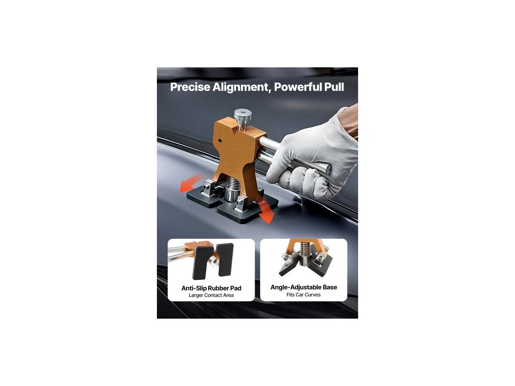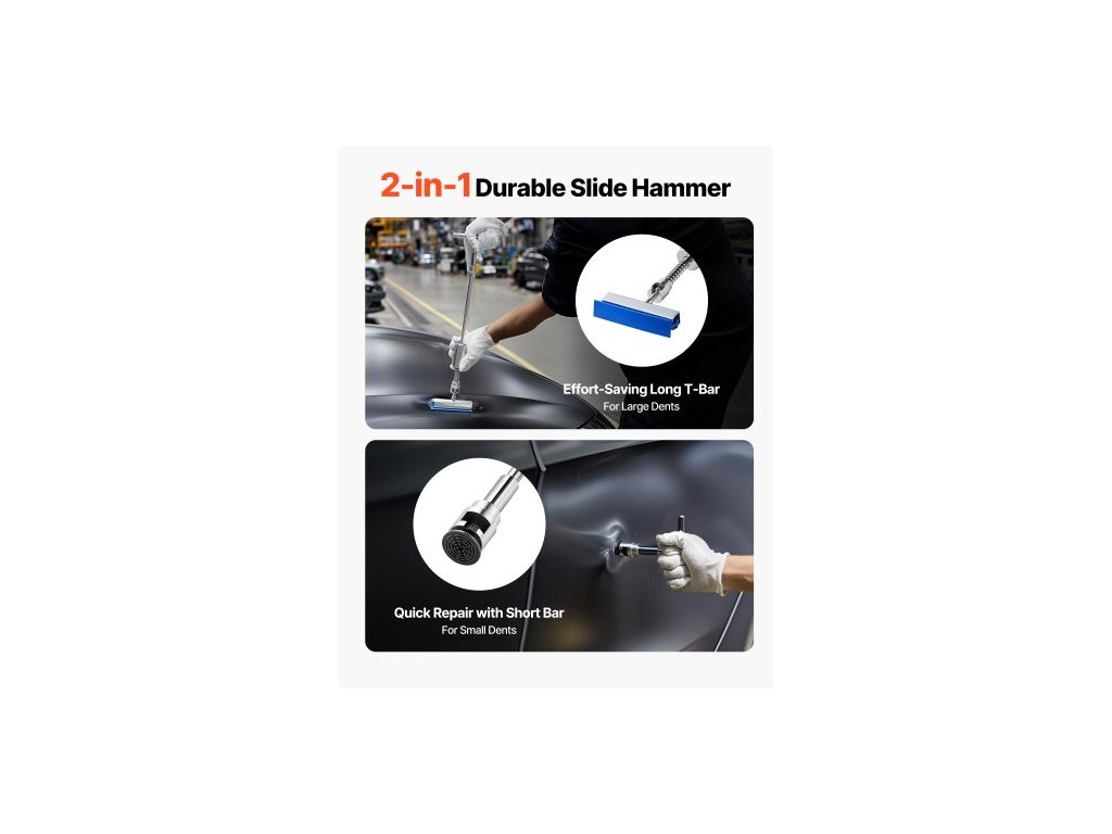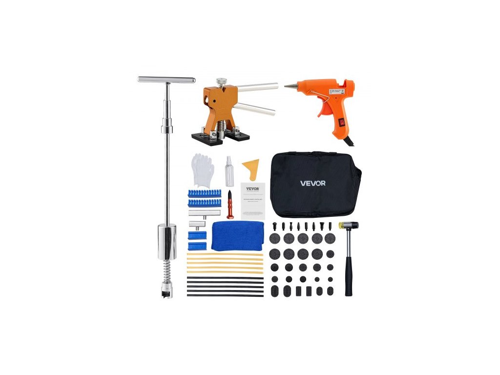 Sada na odstraňování promáčklin , 61dílná sada na odstraňování promáčklin bez laku se zlatým zvedákem, posuvným kladivem ve tvaru T, lepicí pistolí, nástrojem na opravu poškození karoserie automobilu po krupobití, nástrojem pro opravu velkých a malých promáčklin na dveřích automobilové chladničkyErgonomická tažná tyč
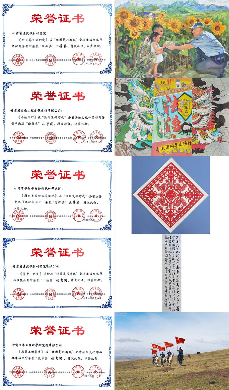 經(jīng)評(píng)選,集團(tuán)多件作品脫穎而出。省建筑設(shè)計(jì)院的《向日葵下的約定》以細(xì)膩筆觸和獨(dú)特視角,獲繪畫(huà)類(lèi)一等獎(jiǎng);省交通監(jiān)理公司的《與法同行》生動(dòng)展現(xiàn)法治守護(hù),獲繪畫(huà)類(lèi)二等獎(jiǎng);省水電設(shè)計(jì)院的《社會(huì)主義核心價(jià)值觀》以精湛剪紙技藝,獲剪紙類(lèi)三等獎(jiǎng);省建筑設(shè)計(jì)院的《〈管子·明法〉選抄》獲書(shū)法類(lèi)優(yōu)秀獎(jiǎng);甘肅土木工程院的《馬背上的普法》獲攝影類(lèi)優(yōu)秀獎(jiǎng)。
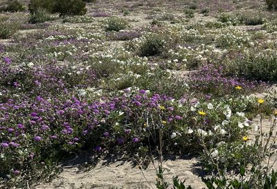 The lower elevations of the Borrego Desert, outside of the Henderson Canyon Road Flower Fields, are now entering their period of peak bloom for this season. This is about a month earlier than normal, due to an absence of rain since 1 January 2026, and temperatures warmer than normal. In mid-January, there was about a week of high temperatures around 80 deg F that were record-setting or near record-setting for that time of year. Those temperatures were typical of mid-March, and are ones that signal annuals to concentrate on producing seeds, not flowers.
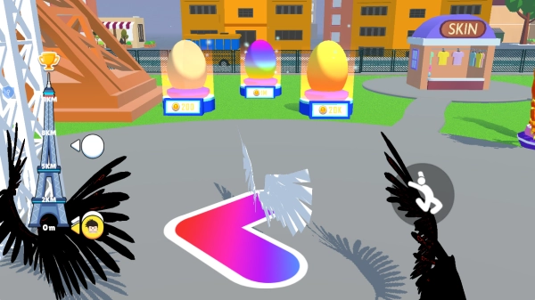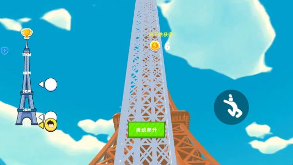 到达高塔顶端后纵身一跃,系统会根据攀登的高度来结算分数,要是体力耗尽时跳下还能得到金币奖励。
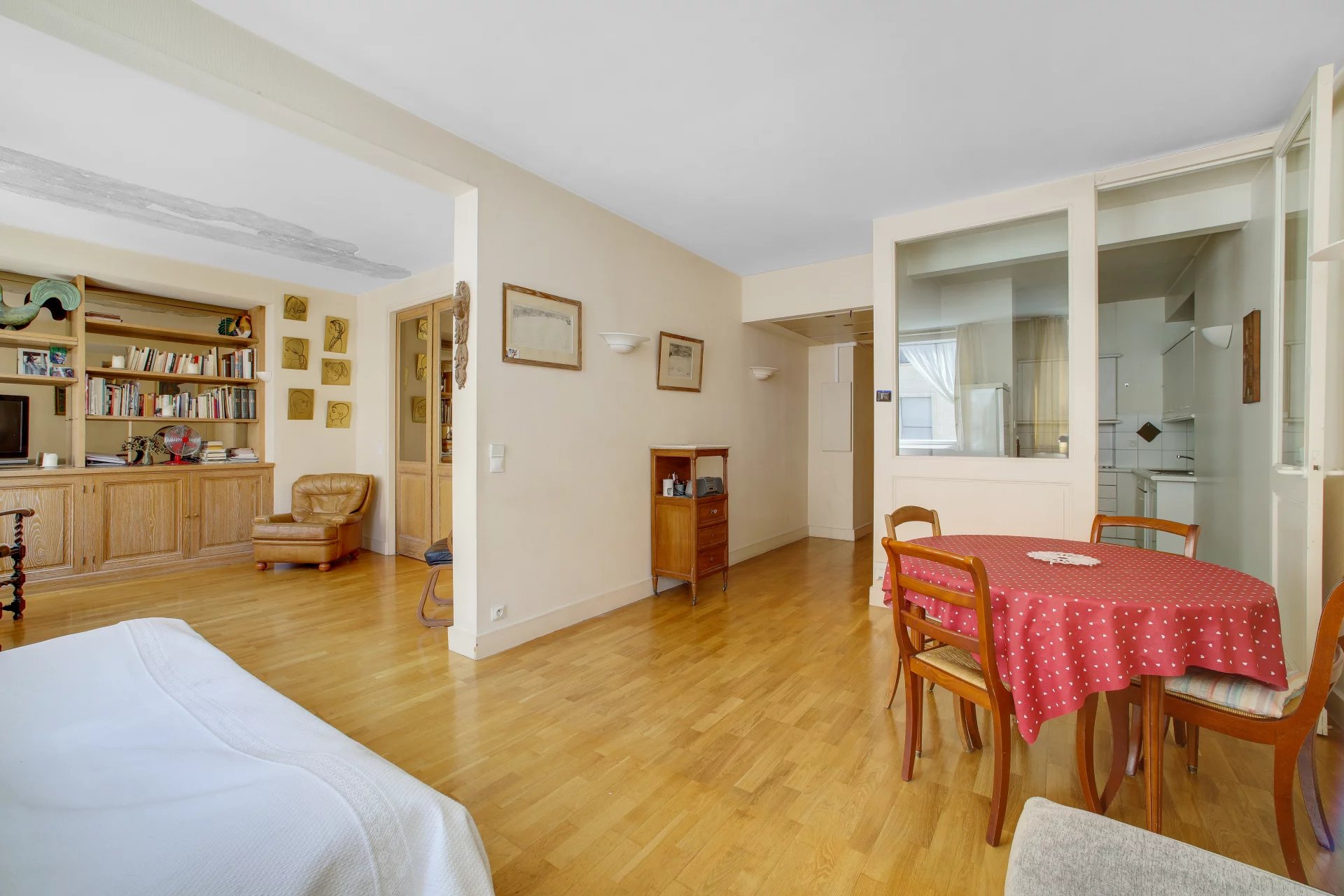 Au 3ème étage AVEC ASCENSEUR se révèle un APPARTEMENT de 2/3 PIÈCES résultant de la réunion de deux studios. Il comprend : une entrée, un séjour, une chambre, une cuisine, une salle de bains avec WC, un WC séparé et rangements. Lumineux (exposition sud) et calme. Chauffage collectif urbain inclus dans les charges. Rue paisible située à proximité de lieux emblématiques tels le Jardin du Palais Royal, le Musée du Louvre ou la Place des Victoires. Isolation énergétique du bâtiment en cours, votée. DPE C. Possibilité d’exercer une profession libérale.Possibilité de recréer deux studios. Idéal investissement locatif ou pied à terre.

_____

Write out an exact copy of the listing, first line through the line containing "經(jīng)評(píng)", with the pictures left out.

● **WRITTEN REPLY**:
 Sada na odstraňování promáčklin , 61dílná sada na odstraňování promáčklin bez laku se zlatým zvedákem, posuvným kladivem ve tvaru T, lepicí pistolí, nástrojem na opravu poškození karoserie automobilu po krupobití, nástrojem pro opravu velkých a malých promáčklin na dveřích automobilové chladničkyErgonomická tažná tyč
 經(jīng)評(píng)選,集團(tuán)多件作品脫穎而出。省建筑設(shè)計(jì)院的《向日葵下的約定》以細(xì)膩筆觸和獨(dú)特視角,獲繪畫(huà)類(lèi)一等獎(jiǎng);省交通監(jiān)理公司的《與法同行》生動(dòng)展現(xiàn)法治守護(hù),獲繪畫(huà)類(lèi)二等獎(jiǎng);省水電設(shè)計(jì)院的《社會(huì)主義核心價(jià)值觀》以精湛剪紙技藝,獲剪紙類(lèi)三等獎(jiǎng);省建筑設(shè)計(jì)院的《〈管子·明法〉選抄》獲書(shū)法類(lèi)優(yōu)秀獎(jiǎng);甘肅土木工程院的《馬背上的普法》獲攝影類(lèi)優(yōu)秀獎(jiǎng)。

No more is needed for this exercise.